Please see the two paths below:

a) without any breakpoints in firmware the app enters RX_RDY once, then it sets disable_req and then it never enters UART_RX_DISABLED. The bridge works because of implementation of UART_RX_BUF_RELEASED as we keep feeding released frames to queue

b) If we place brakepoint in RX_RDY, UART_RX_BUF_REQUEST and UART_RX_DISABLED then we properly enter UART_RX_DISABLED.

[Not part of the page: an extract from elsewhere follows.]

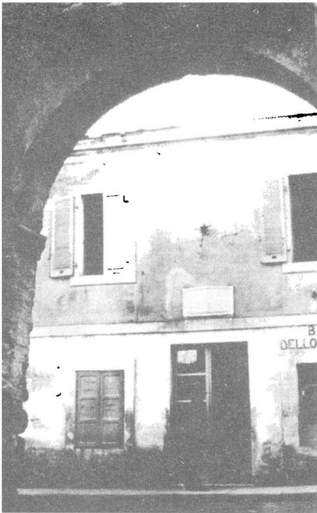
البيت الذي وُلِد فيه غرامشي، في أليس
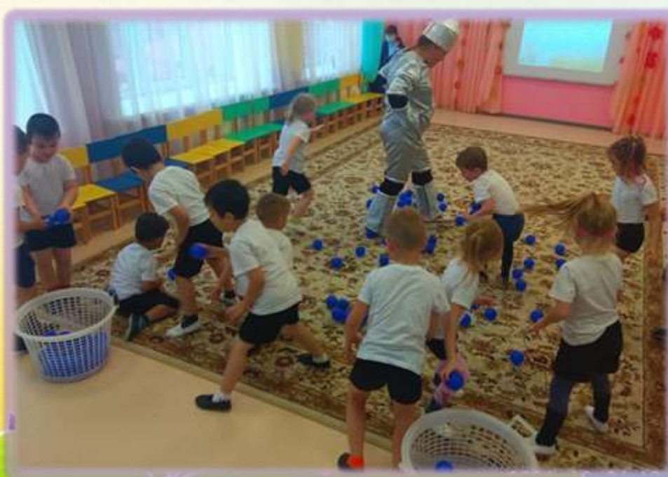
Игра «Собери капельки»

This leads us to believe there is a race condition somewhere. The issue seems to be fixed by delegating uart_rx_disable calto separate zephyr work executed after we leave ISR.

Similarly the issue can be fixed by adding an if (disable_req){return} in UART_RX_BUF_REQUEST which further leads me to believe that the internal state machine is disrupted by calling 
uart_rx_buf_rsp after uart_rx_disable.

Has anyone encountered similar issue before? Do you think that one of our workarounds is safe way to go?

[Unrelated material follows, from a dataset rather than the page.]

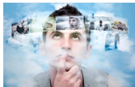
Un sistema de realidad virtual permite distraer el miedo al dolor en los pacientes

Un estudio de la Universidad de Barcelona sobre el uso de realidad virtual en consulta publicado el pasado año en la revista Studies in Health Technology and Informatics revelaba que "la mayoría de los participantes que experimentaban distracción con realidad virtual interactiva reportaron menos intensidad del dolor". Este resultado era menor en el caso de realidad virtual pasiva.

Best Regards and thanks in advance for any future help!

Jakub

  • Hi Jakub,

    Your diagnosis seems correct. This is a real race in the sample, not in your code. Calling uart_rx_disable() from UART_RX_RDY while still answering UART_RX_BUF_REQUEST with a fresh buffer races the driver's state machine: the new buffer rescues the receive operation that was about to stop. On older UARTE blocks the timing usually hid this; on the nRF54L15 the ordering is tighter, so it surfaces.

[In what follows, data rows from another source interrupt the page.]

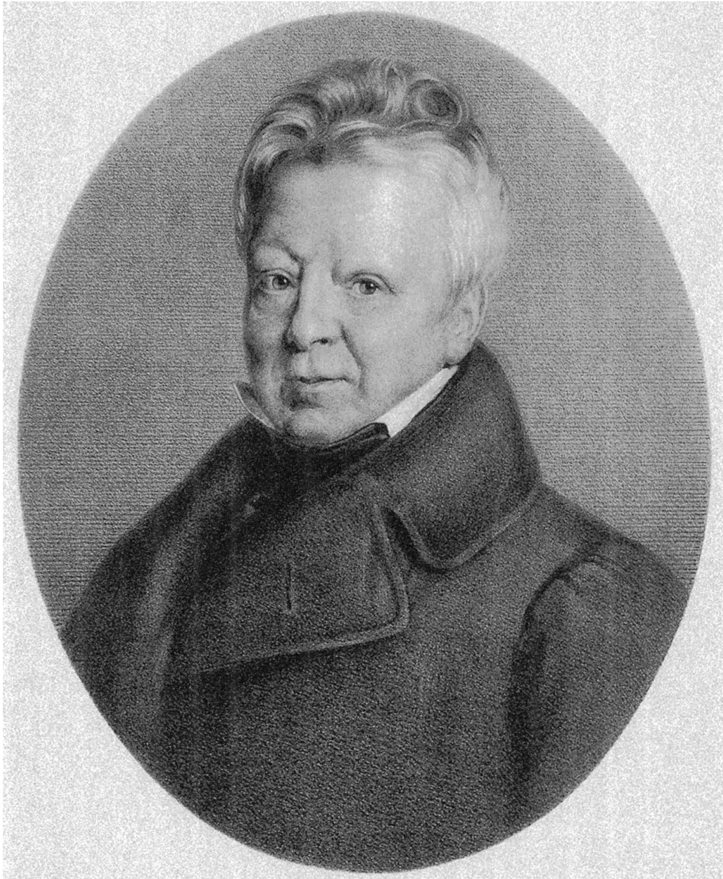
Samuel Ludwig Schnell (1775–1849). – Lithographie. Staatsarchiv Bern.
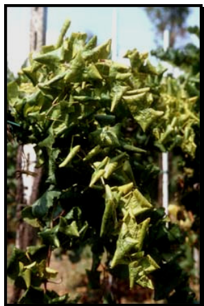
Sintomi sulle foglie in varietà a bacca bianca
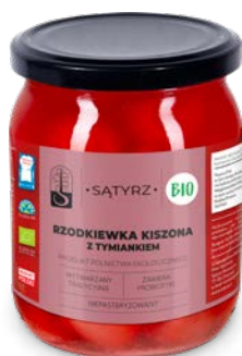
Rzodkiewka kiszona z tymiankiem 500 ml

    I would go with the if (disable_req) return; guard in UART_RX_BUF_REQUEST. Place it at the very top, before the k_malloc. Not responding to the buffer request is the documented Zephyr way to end reception: the driver completes the current buffer, fires UART_RX_BUF_RELEASED (your handler already pushes it to the FIFO), then fires UART_RX_DISABLED cleanly. Putting the guard before the allocation avoids leaking a buffer on the stop path.

    Deferring uart_rx_disable() to a work item also works, but it does not fix the root cause. You still need a disable_req guard in UART_RX_RDY, and you add a context switch for no real benefit. The early-return in UART_RX_BUF_REQUEST is the cleaner change.

     I will raise this internally , thanks for brining this to light.

  • Hello Suheel,

    Thank you very much for the response! We'll use the option you suggested.